The C-terminal copper-binding loop in the beta-barrel fold of the cupredoxin azurin has been replaced with a range of sequences containing alanine, glycine, and valine residues to assess the importance of amino acid composition and the length of this region. The introduction of 2 and 4 alanines between the coordinating Cys, His, and Met results in loop structures matching those in naturally occurring proteins with the same loop lengths. A loop with 4 alanines between the Cys and His and 3 between the His and Met ligands has a structure identical to that of the WT protein, whose loop is the same length. Loop structure is dictated by length and not sequence allowing the properties of the main surface patch for interactions with partners, to which the loop is a major contributor, to be optimized. Loops with 2 amino acids between the ligands using glycine, alanine, and valine residues have been compared. An empirical relationship is found between copper site protection by the loop and reduction potential. A loop adorned with 4 methyl groups is sufficient to protect the copper ion, enabling most sequences to adequately perform this task. The mutant with 3 alanine residues between the ligands forms a strand-swapped dimer in the crystal structure, an arrangement that has not, to our knowledge, been seen previously for this family of proteins.

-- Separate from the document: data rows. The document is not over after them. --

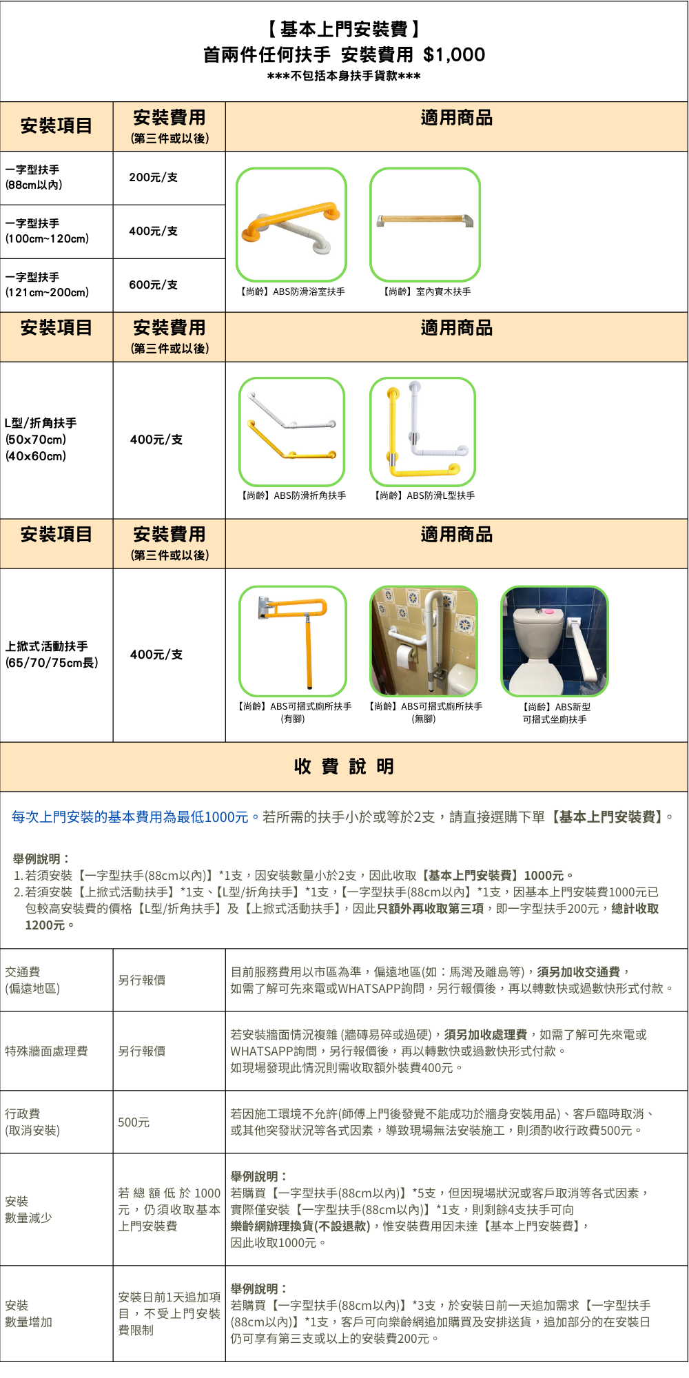 [First two handrails installation fee: $1,000]
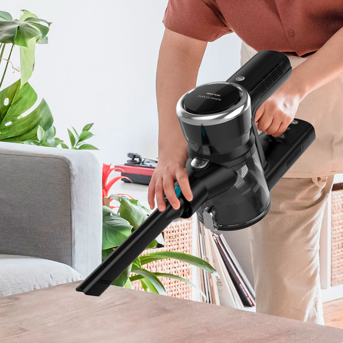 L'aspirateur balai sans fil Flex Ultimate PRIXTON dispose d'un tube flexible pour atteindre n'importe quelle partie du sol sous les meubles. De plus, il inclut également une lumière LED pour améliorer la visibilité de la poussière pour un nettoyage plus efficace.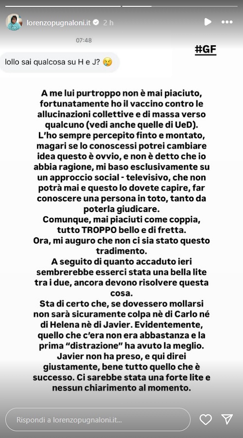 Adesso in molti si stanno chiedendo se Javier sapesse o meno degli incontri tra Helena e Carlo. Al riguardo, stando a quanto rivelato dal collega Lorenzo Pugnaloni, sembra dopo quanto accaduto ieri, la Prestes e Martinez avrebbero avuto una lite: “A seguito di quanto accaduto ieri, sembrerebbe esserci stata una bella lite tra i due, ancora devono risolvere questa cosa […] Javier non ha preso bene tutto quello che è successo. Ci sarebbe stata una forte lite e nessun chiarimento al momento”.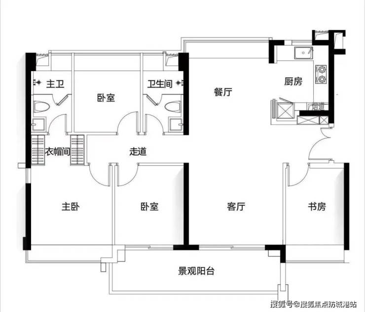 162㎡四房两厅:豪华主卧套房,独立衣帽间+双台盆卫生间,客厅开间超5米,可打造高端宴客空间。
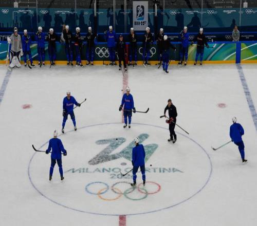 2月3日,法国男子冰球队在米兰圣朱利亚冰球馆训练。(美联社)

Cupredoxins function as redox shuttles and are required to be monomeric; therefore, none have evolved with a metal-binding loop of this length.


Publication metadata

Author(s): Sato K, Li C, Salard I, Thompson AJ, Banfield MJ, Dennison C

Publication type: Article

Publication status: Published

Journal: Proceedings of the National Academy of Sciences

Year: 2009

Volume: 106

Issue: 14

Pages: 5616-5621

ISSN (print): 0027-8424

ISSN (electronic): 1091-6490

Publisher: National Academy of Sciences

URL: http://dx.doi.org/10.1073/pnas.0811324106

DOI: 10.1073/pnas.0811324106

Notes: Sato, Katsuko Li, Chan Salard, Isabelle Thompson, Andrew J Banfield, Mark J Dennison, Christopher BB/C504519/1/Biotechnology and Biological Sciences Research Council/United Kingdom Research Support, Non-U.S. Gov't United States Proceedings of the National Academy of Sciences of the United States of America Proc Natl Acad Sci U S A. 2009 Apr 7;106(14):5616-21. Epub 2009 Mar 19.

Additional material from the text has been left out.